» **Data extract**:
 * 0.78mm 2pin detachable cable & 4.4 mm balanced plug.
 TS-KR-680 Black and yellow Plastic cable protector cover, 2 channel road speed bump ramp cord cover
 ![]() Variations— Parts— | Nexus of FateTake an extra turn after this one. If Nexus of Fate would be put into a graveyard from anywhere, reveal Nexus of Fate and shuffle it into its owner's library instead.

...

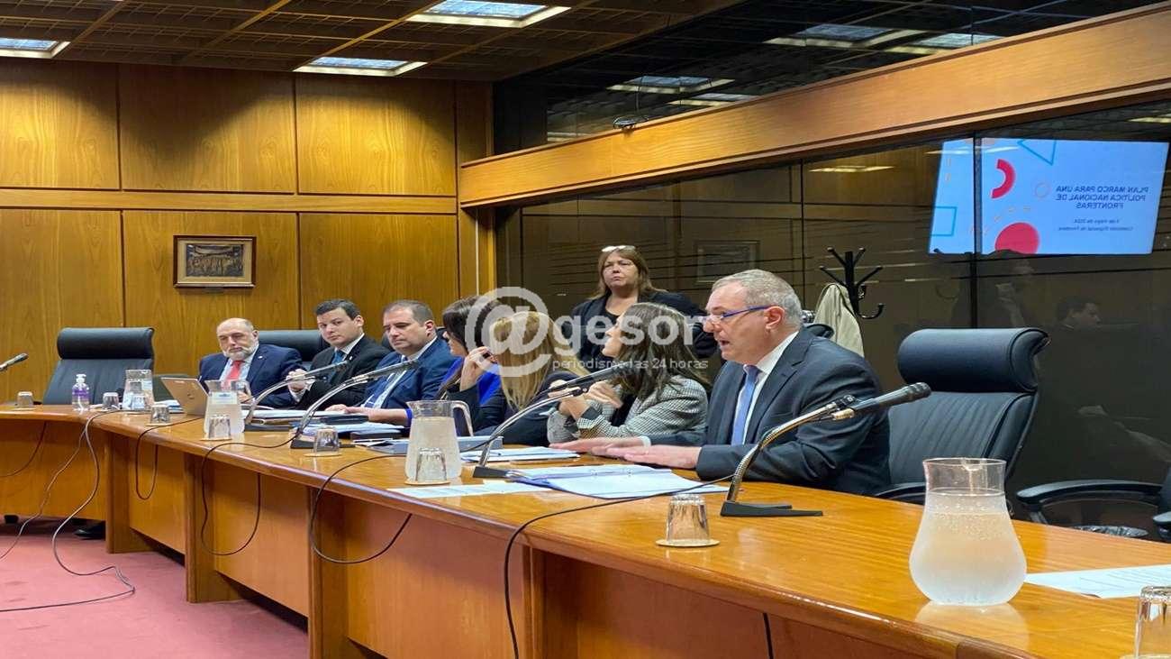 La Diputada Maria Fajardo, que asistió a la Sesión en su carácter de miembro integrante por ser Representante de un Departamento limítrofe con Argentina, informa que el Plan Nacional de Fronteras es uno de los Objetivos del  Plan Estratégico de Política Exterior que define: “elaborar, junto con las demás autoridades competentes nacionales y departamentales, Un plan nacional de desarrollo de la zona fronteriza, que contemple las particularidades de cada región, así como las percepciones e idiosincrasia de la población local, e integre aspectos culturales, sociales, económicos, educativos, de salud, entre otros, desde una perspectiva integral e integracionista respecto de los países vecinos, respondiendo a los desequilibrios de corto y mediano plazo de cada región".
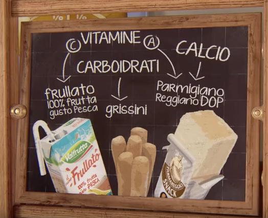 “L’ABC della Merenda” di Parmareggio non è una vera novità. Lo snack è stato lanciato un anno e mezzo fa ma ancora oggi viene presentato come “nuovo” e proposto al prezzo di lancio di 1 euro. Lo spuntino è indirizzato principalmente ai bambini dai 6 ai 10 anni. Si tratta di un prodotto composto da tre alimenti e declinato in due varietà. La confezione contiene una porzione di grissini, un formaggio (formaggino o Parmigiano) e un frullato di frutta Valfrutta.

* * *

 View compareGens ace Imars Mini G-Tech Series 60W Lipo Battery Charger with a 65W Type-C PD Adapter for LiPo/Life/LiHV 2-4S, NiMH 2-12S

» **Problem description**:
Looking at the data, how many lines hold the string "cable"? Reply with the number alone.

» **Answer space**:
2